And in these modern days it matters that an algorithm can use divide and conquer and can be parallelized. Xor plays nice here. Also the lack of carry bits and less branching help in the crypto space.

ameliaquining 21 hours ago

Ah, my least favorite technical interview question. (I've been asked it, but only after I first read about it online.)

anthomtb 7 hours ago

Horses for courses.
It's silly to as ask a web dev these questions and expect these XOR approaches.
Low-level developers ("bare metal" as the kids say), on the other hand? They should have a deep enough understanding of binary representation and bitwise operations to approach these problems with logic gates.
phendrenad2 21 hours ago

Indeed, it kind of feels like asking if someone knows what the number 5318008 means.
motorest 16 hours ago

> Ah, my least favorite technical interview question.
The epitome of turning technical interviews into a trivia contest to make them feel smart. Because isn't that the point of a tech interview?
- empiko 16 hours ago
  
  Is there any other field where they give you random brain teasers for an interview? My friends outside of IT were laughing their heads off when they hears about the usual interview process.
  - sfn42 16 hours ago
    
    I've always had reasonable interview questions. Get some data from an API and display it in a table. Make a class that can store car data and get them by plate number. Make a class that calculates tax based on a bracket system.
    I haven't even read the article so I don't know what this is about really but if an interviewer seriously asked me about some obscure xor trick I'd laugh at them.
- ur-whale 15 hours ago
  
  In what way is that question trivia?
  I believe you under-estimate what a good interviewer is trying to do with questions such as these:
  Either you've seen the trick before and you get an opportunity to show the interviewer that you're an honest person by telling him you have.

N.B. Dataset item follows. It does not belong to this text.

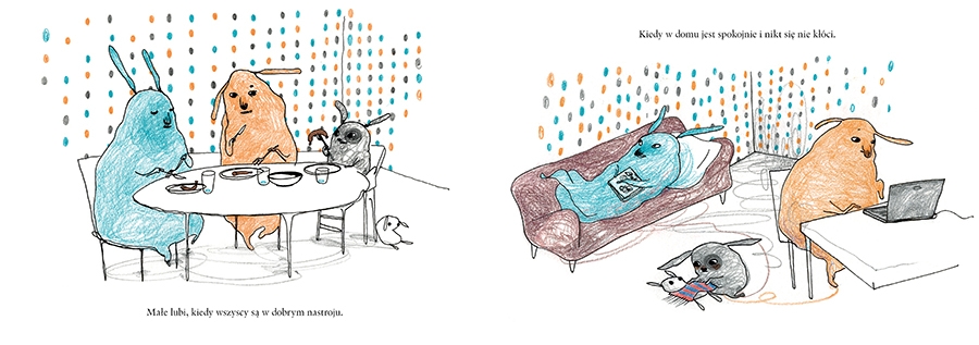 Małe lubi, kiedy w domu jest spokojnie i nikt się nie kłóci. Jednak w domu u Małego często wybuchają awantury. Wtedy Małe się boi. Dobrze, że jest przedszkole i że Pani jest dla Małego taka dobra!

Huge plus and the interview can move on to other topics.
  Either you haven't and you can demonstrate to the interviewer your analytical skills by dissecting the problem step by step and understanding what the code actually does and how.
  Bonus if you can see the potential aliasing problem when used to swap two variables.
  Not a trivia question at all.
  - commandlinefan 4 hours ago
    
    I knew a guy who would ask the binary search question in interviews (i.e. "you have an array of sorted values, what's the fastest way to find if an element is in the array?"). I always felt like this was an unfair question to ask somebody as well - it doesn't seem like something you'd be able to come up with on your own if you hadn't seen it _in an interview situation_. OTOH it's a quick way to screen people who actually did a CS degree.
  - shmerl 3 hours ago
    
    Imagine asking to prove a relatively difficult theorem. That's a similar type of question and it's a waste of time during an interview. Once you know the proof (know the algorithm), the idea might seem trivial, but coming up with such idea (inventing the algorithm) took people possibly a very long time in the first place.
    You shouldn't expect it to be possible during the course of the interview for those who don't know it already, it makes no sense to expect that.
    At best, the question will check if someone memorized such stuff. But I don't see a lot of value in that.
  - snozolli 7 hours ago
    
    It has no connection to modern software engineering. It's a clever and irrelevant trick for 99.999% of programming jobs out there.
    Stop asking these asinine questions and ask questions relevant to real-world software engineering. Software engineers are their own worst enemies.

gblargg 10 hours ago

Gray code is something semi-related. For hardware encoders of a position you want only one transition between states, that is, the XOR of the two to have only one bit set. Normal binary has multiple transitions between some values (e.g. three bit changes between 011 and 100). Gray code could be 000, 001, 011, 010, 110, 111, 101, 100.

anthk an hour ago

https://en.wikipedia.org/wiki/Hamming_distance

mzs 18 hours ago

I like the 'store prev ^ next' trick for lists that can be walked from the front or from the back.

Findecanor 11 hours ago

I figured out the solution of using addition directly. A caveat with addition is that addition can grow the number of significant bits needed, and thus overflow (for large-enough values of n).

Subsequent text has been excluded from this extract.